La delicada decisión de mantener a las cuatro provincias de la franja sur de la Comunidad en una fase más retrasada no se debe únicamente a la cercanía con Madrid, capital considerada como el epicentro de la pandemia, sino porque en Salamanca, Ávila, Segovia y Soria partieron de una mayor incidencia de la COVID y los criterios epidemiológicos están más justos, por encima de los ratios establecidos para las últimas dos semanas. En el caso de Segovia, aunque tiene mejores datos,  la decisión está reforzada en razones de localización y precaución ya que al principio fue una de las más afectadas.

 

Seguramente, la gestión de la crisis sanitaria ha podido tener diferentes matices mejorables. Sin embargo, es justo reconocer que tanto la consejería de Sanidad como el resto del Gobierno regional  en su conjunto han trabajado de manera coordinada con una línea de criterio bien definido, teniendo en cuenta que el desconocimiento de esta pandemia  ha provocado vaivenes que afectaron también a la toma de decisiones.

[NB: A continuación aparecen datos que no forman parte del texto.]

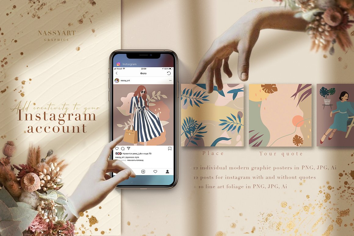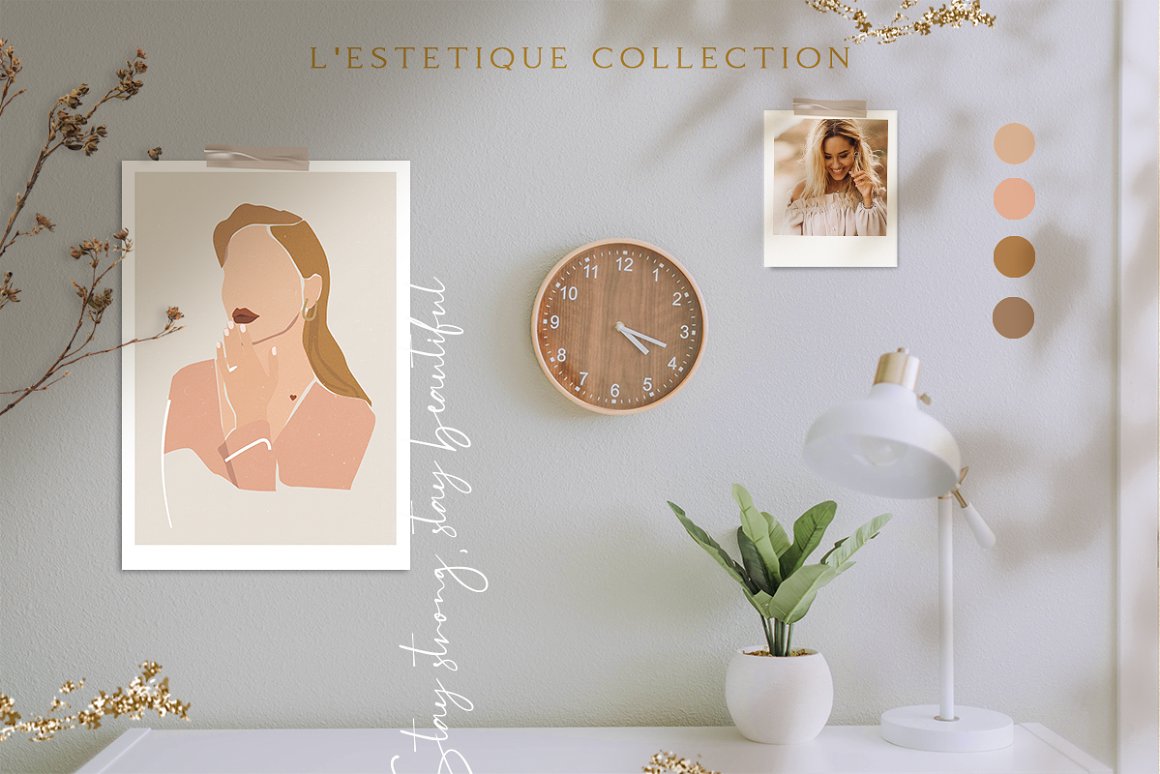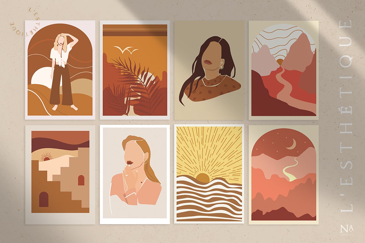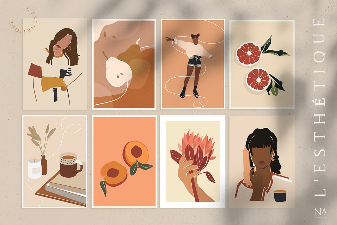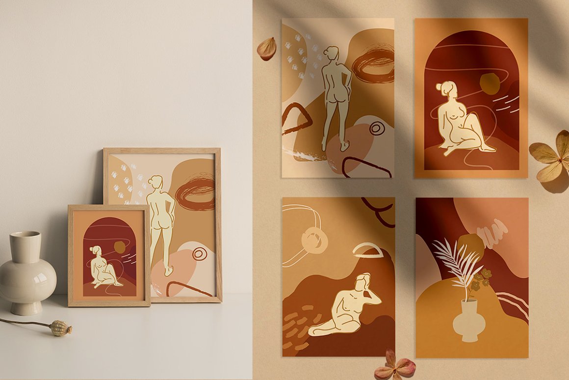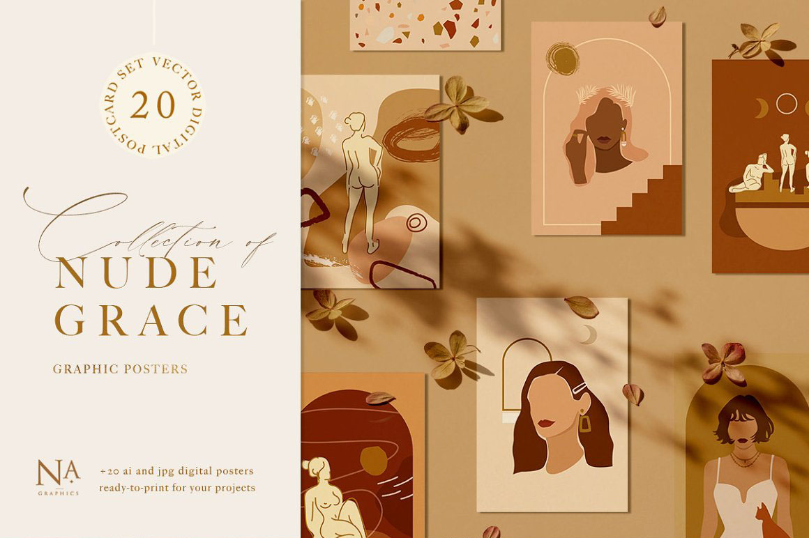 Nude Grace Modern Vector Set – Decorate your wall with this collection of modern&fashion postcards, use them for posts in Instagram and your projects. Use these elements to create your own unique Instagram account design or branding. You just need to select card and crop it, combine other provided items or add a quote on the empty space. And the personal card will be ready! In this pack, you can find a variety of fashionable arts and abstract modern illustrations. They are available to mix and match for design projects with endless composition combinations of all pieces. These elements are ideal for the creation of printed products: notebooks, invitations, personal postcards, branding identity and Instagram posts. Add these beautiful vector graphics to create your own interesting profile, branding style, send cards to your best friends, present for someone important or decorate your working place with the wall posters.

El sistema sanitario de Castilla y León nunca colapsó, aunque sí es cierto que ha llevado al límite su capacidad y este coronavirus también ha mostrado las grietas que se deben cerrarse para aplicar las soluciones necesarias.

 

Lo más normal es que dentro de una semana toda la Comunidad esté ya incluida en la Fase 3 como punto previo a finalizar el estado de alarma y entrar en esa nueva dinámica de vida que nos limita todavía en algunas facetas de nuestras costumbres, pero que abre la puerta a una revitalización de la actividad y la economía con mucho trabajo por delante para volver a ese punto inicial en el que estábamos en marzo, cuando todavía el tsunami del coronavirus nos sonaba a chino.